Verify the server is ready:
```bash
curl -s localhost:8000/v1/chat/completions \
  -H "Content-Type: application/json" \
  -d '{"model":"Qwen/Qwen3-0.6B","messages":[{"role":"user","content":"test"}],"max_tokens":1}'
```

---

## Profile with AIMO Dataset

AIPerf loads the AIMO dataset from HuggingFace and uses each problem as a single-turn prompt.

AIMO problems elicit long chain-of-thought responses.

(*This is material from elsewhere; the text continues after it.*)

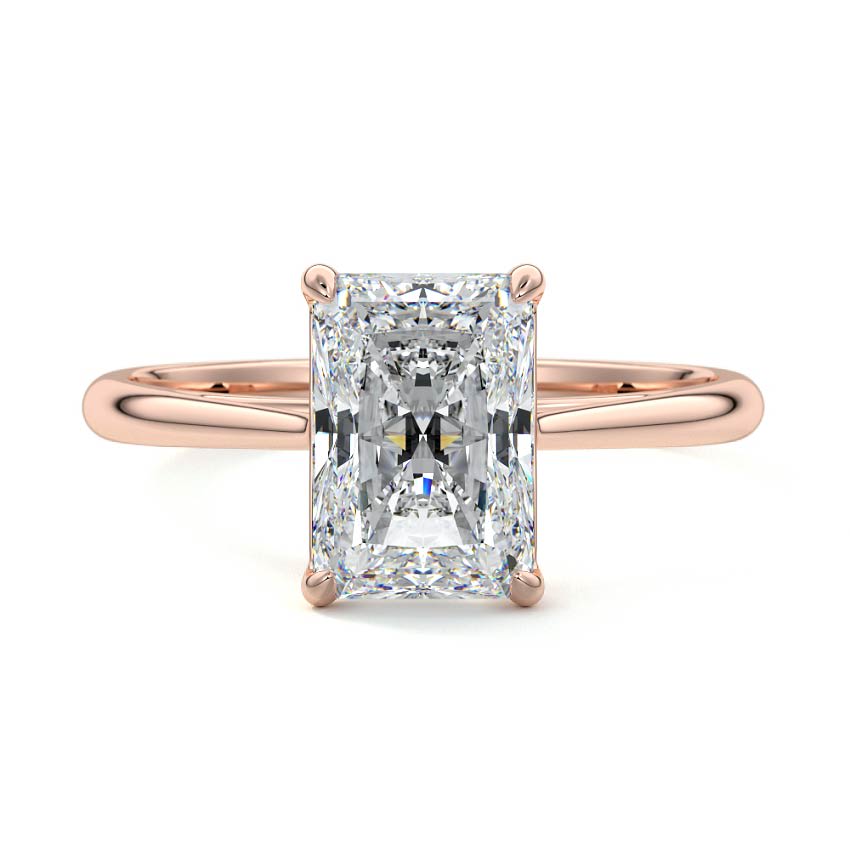 This stunning engagement ring features a dazzling Radiant cut lab grown diamond, renowned for its brilliant sparkle and elegant rectangular shape with cropped corners. Set in a classic solitaire style, its captivating beauty is perfectly highlighted by a sleek and understated band, making it a timeless symbol of love.

Use `--prompt-output-tokens-mean` to cap
output length and reduce benchmark duration:

```bash
aiperf profile \
    --model Qwen/Qwen3-0.6B \
    --endpoint-type chat \
    --streaming \
    --url localhost:8000 \
    --public-dataset aimo \
    --request-count 10 \
    --concurrency 4 \
    --prompt-output-tokens-mean 512
```

**Sample Output (Successful Run):**

```

                                        NVIDIA AIPerf | LLM Metrics
┏━━━━━━━━━━━━━━━━━━━━━━┳━━━━━━━━━━━┳━━━━━━━━━━━┳━━━━━━━━━━━┳━━━━━━━━━━━┳━━━━━━━━━━━┳━━━━━━━━━━━┳━━━━━━━━━━┓
┃               Metric ┃       avg ┃       min ┃       max ┃       p99 ┃       p90 ┃       p50 ┃      std ┃
┡━━━━━━━━━━━━━━━━━━━━━━╇━━━━━━━━━━━╇━━━━━━━━━━━╇━━━━━━━━━━━╇━━━━━━━━━━━╇━━━━━━━━━━━╇━━━━━━━━━━━╇━━━━━━━━━━┩
│  Time to First Token │  1,509.04 │    687.93 │  1,879.53 │  1,879.53 │  1,879.51 │  1,563.66 │   430.29 │
│                 (ms) │           │           │           │           │           │           │          │
│ Time to Second Token │     56.44 │     32.27 │     86.48 │     84.59 │     67.58 │     53.16 │    14.62 │
│                 (ms) │           │           │           │           │           │           │          │
│ Request Latency (ms) │ 32,823.02 │ 18,943.44 │ 38,431.19 │ 38,431.18 │ 38,431.07 │ 34,163.15 │ 7,192.79 │
│  Inter Token Latency │     61.40 │     35.80 │     71.72 │     71.72 │     71.67 │     63.92 │    13.26 │
│                 (ms) │           │           │           │           │           │           │          │
│         Output Token │     17.42 │     13.94 │     27.94 │     27.94 │     27.93 │     15.64 │     5.31 │
│  Throughput Per User │           │           │           │           │           │           │          │
│    (tokens/sec/user) │           │           │           │           │           │           │          │
│      Output Sequence │    511.00 │    511.00 │    511.00 │    511.00 │    511.00 │    511.00 │     0.00 │
│      Length (tokens) │           │           │           │           │           │           │          │
│       Input Sequence │     56.90 │     31.00 │     84.00 │     83.46 │     78.60 │     53.00 │    17.59 │
│      Length (tokens) │           │           │           │           │           │           │          │
│         Output Token │     55.82 │       N/A │       N/A │       N/A │       N/A │       N/A │      N/A │
│           Throughput │           │           │           │           │           │           │          │
│         (tokens/sec) │           │           │           │           │           │           │          │
│   Request Throughput │      0.11 │       N/A │       N/A │       N/A │       N/A │       N/A │      N/A │
│       (requests/sec) │           │           │           │           │           │           │          │
│        Request Count │     10.00 │       N/A │       N/A │       N/A │       N/A │       N/A │      N/A │
│           (requests) │           │           │           │           │           │           │          │
└──────────────────────┴───────────┴───────────┴───────────┴───────────┴───────────┴───────────┴──────────┘
```


> Higher request latency compared to conversational datasets is expected — AIMO problems require
> extended chain-of-thought reasoning and produce significantly longer outputs.